I have a confession to make. This noble "quest for the truth" of mine is getting a bit out of hand. It is what I think about in my free time, composing blog posts in my mind while driving home from work, or while playing with my kids, or while sitting in the pew at church. I read commentaries when I should be writing progress notes for work, or emailing a friend back, or having a conversation with my husband. I peruse the blogs of skeptics and Christians alike when I should be sleeping, or cleaning the kitchen, or volunteering to have my neighbor's children over.

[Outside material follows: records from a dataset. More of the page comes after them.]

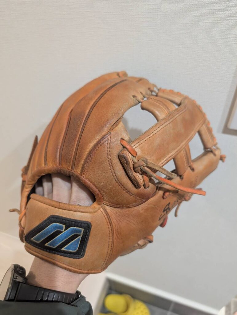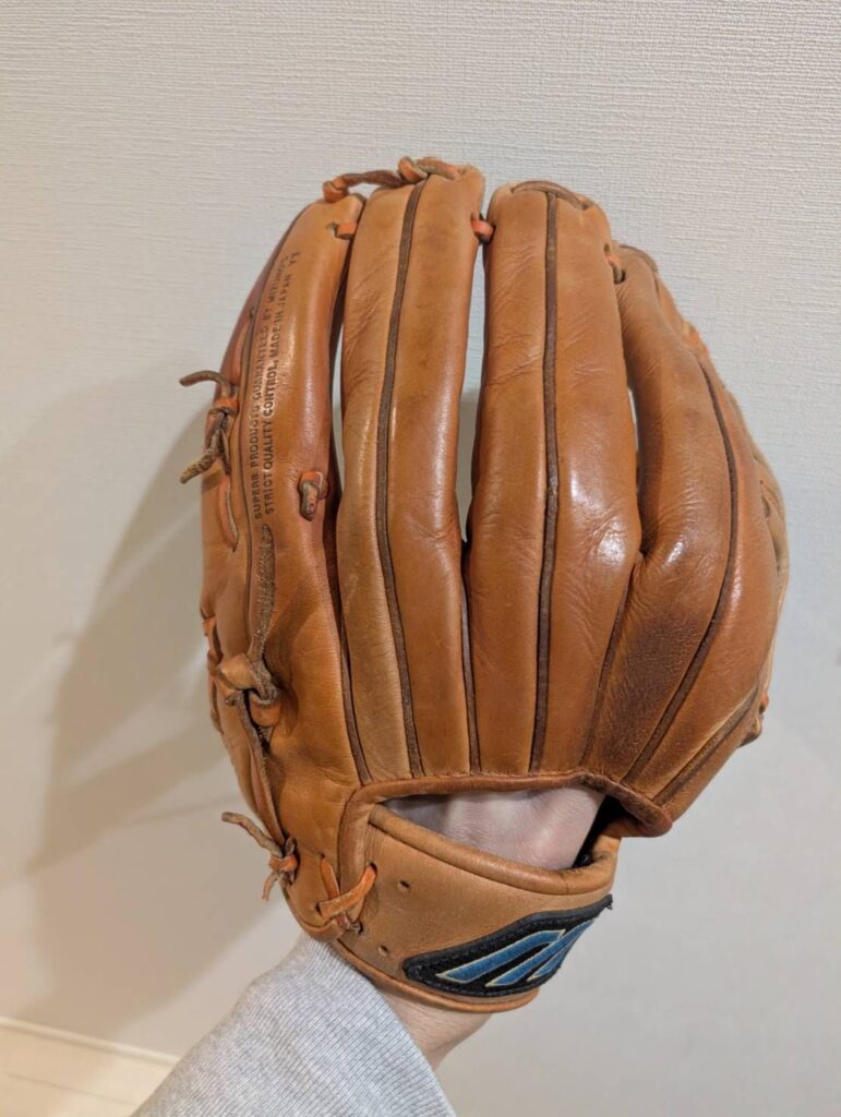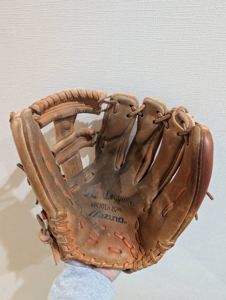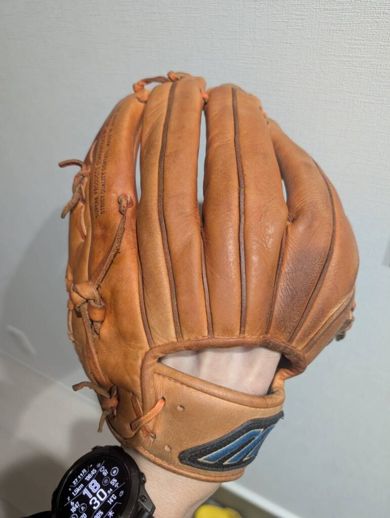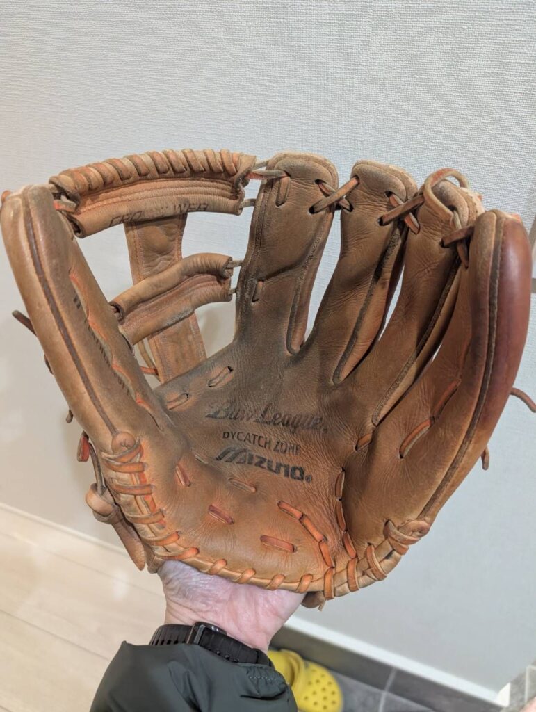 かけてみるグラブはこちら。25年物のグローブです。まだ現役で普段手入れしているため、そんなに状態が悪いわけではなく、普通にまあ乾燥してきたかなくらいの状態です。
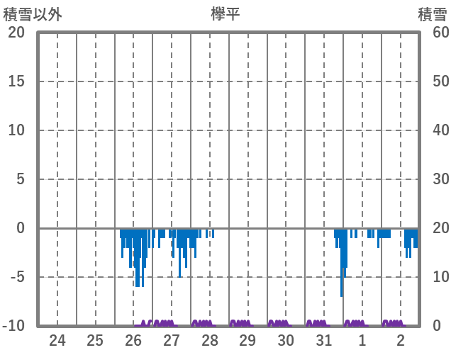| 日 | 時 | 気温 | 降水 | 風向/風速 | 日照 | 積雪 | 降雪 |
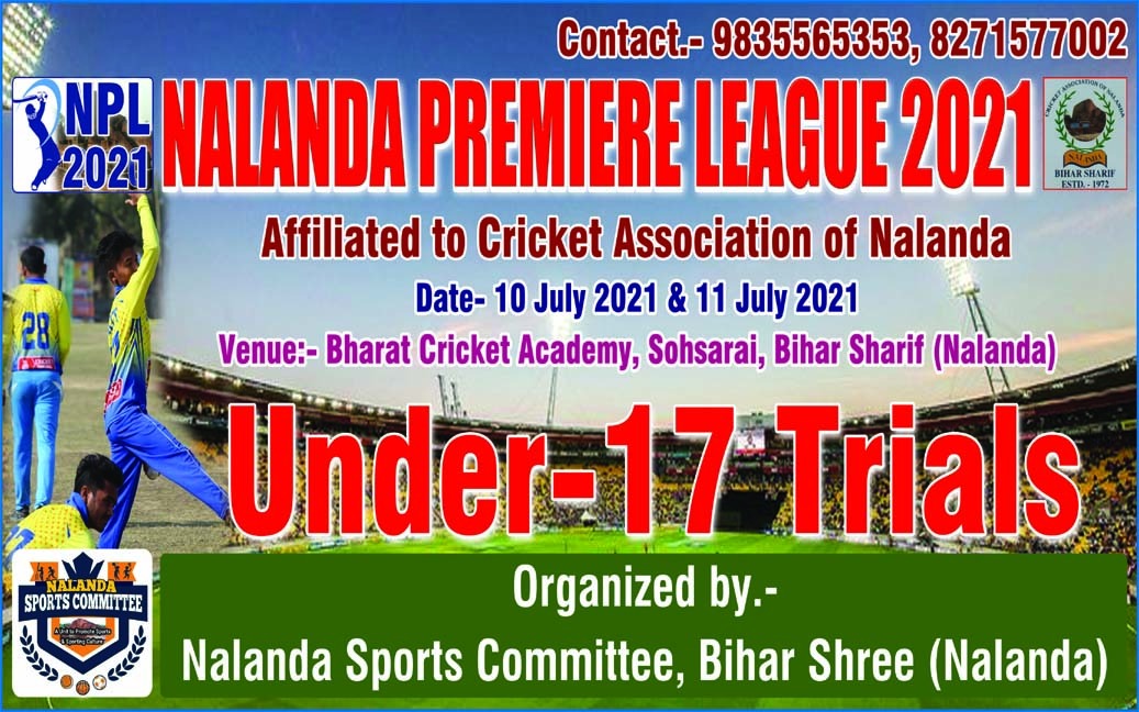 क्रिकेट संघ नालंदा से मान्यता प्राप्त नालंदा प्रीमियर लीग का आयोजन नालंदा स्पोर्ट्स कमिटी के द्वारा किया जा रहा है। नालंदा स्पोर्ट्स कमिटी के चेयरमैन ज्ञान सागर ने बताया कि आगामी 10 और 11 जुलाई को ट्रायल का आयोजन किया जा रहा है। उन्होंने बताया कि नालंदा प्रीमियर लीग अंडर-17 के ट्रायल में पूरे बिहार का खिलाड़ी भाग ले सकता है।
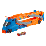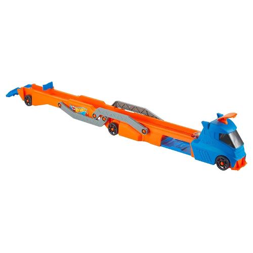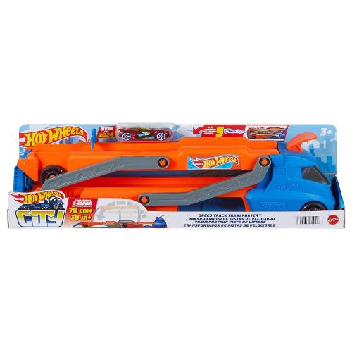 Carica le tue auto hot wheels preferite e guida attraverso hot wheels city con questo trasportatore con pista super velocità! Può contenere e conservare fino a 9 macchinine hot wheels in scala 1:64, perfette per averle sempre a portata di mano e pronte a gareggiare o per metterle in mostra. Estraendolo il pianale del camion, puoi trasformarlo in una pista più lunga, di circa 75 cm. La cabina del trasportatore funge anche da lanciatore per mandare le auto in velocità lungo la pista. La rampa all'estremità può essere collegata ad altri binari o utilizzata come piattaforma per eseguire acrobazie fantastiche. La confezione include 1 veicolo 1:64
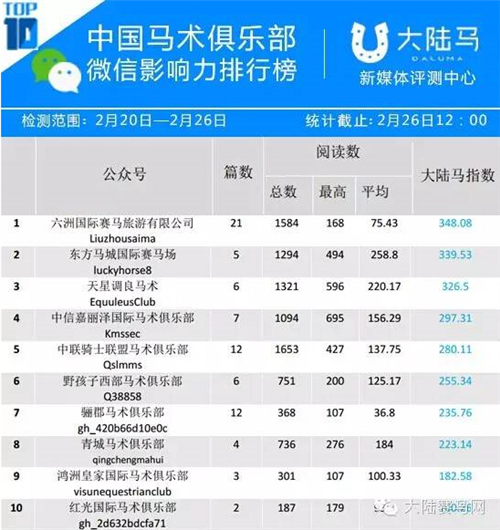 每期榜单由大陆马新媒体数据评测中心编制,依据各俱乐部微信数据、大陆赛马网PC端网站、大陆马APP、大陆赛马网微信、微博、搜索引擎(百度&谷歌)的搜索指数等客观数据以及产生的社会影响力、知名度综合评判,推出《中国马术俱乐部微信影响力排行榜》及《微信单篇阅读量最高文章》排名的榜单。力求助力马术俱乐部经营者们在“互联网+体育”的潮流下共同为俱乐部的业务提升探索新方向。
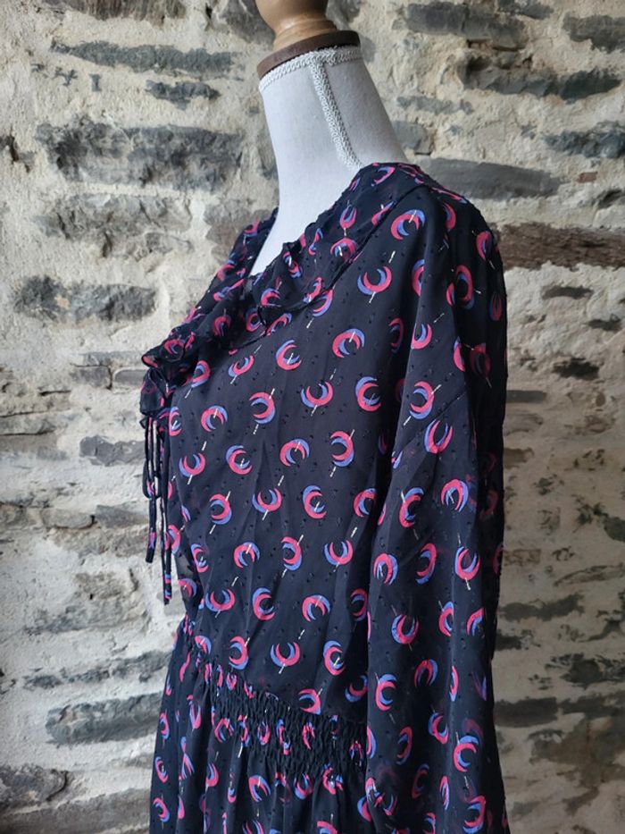 Robe bohème manches longues noire motifs rose bleu irisé Amy & Clo Taille XXXL ou 46 - photo numéro 9
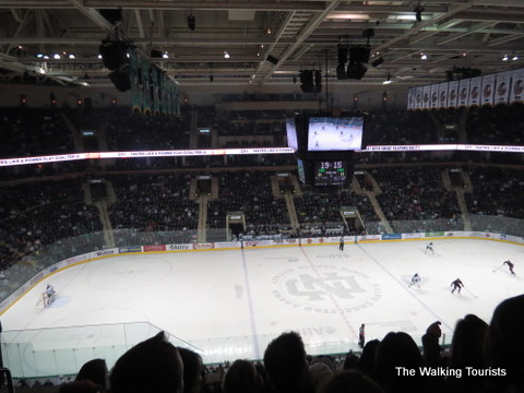 Inside the arena, fans can have a great view of hockey action from any spot. Nothing blocks your view, except for the occasional camera operator. But, since almost every UND hockey game is on TV (regionally or nationally), you get used to it.

This quest is highly important to me, and will continue to be. But, I feel myself withdrawing a bit, even from those I care about. I don't feel the desire to call my mom and catch up or check on friends via Facebook like I use to do. My husband called me on this recently and said he feels disconnected from me. I'm not surprised. It hasn't been easy to connect with me lately. I told him that we don't have alot to talk about since he doesn't feel comfortable discussing the subject that continually preoccupies me. Neither of us want it to be this way, this isolating. So, we went on a date Friday night. I was grumpy and irritable, mainly due to work stress and the fact that our oldest sobbed and wailed relentlessly when we dropped him off at Kid's Night Out. However, my husband valiantly maintained a good mood throughout it all. Towards the end of the evening, my crankiness subsided and we were finally able to talk in that easy way we normally have with each other. We discussed some touchy subjects and even managed to laugh with each other a bit.
I realize that this vexing doubt of mine is here for awhile, maybe forever, so there's no need to let it take over, like a new best friend who goes everywhere with you, leaving you no time for anyone else. I'll have to learn when to talk to it like the neighborhood children, "It's time for you to home for now, but you can come back tomorrow."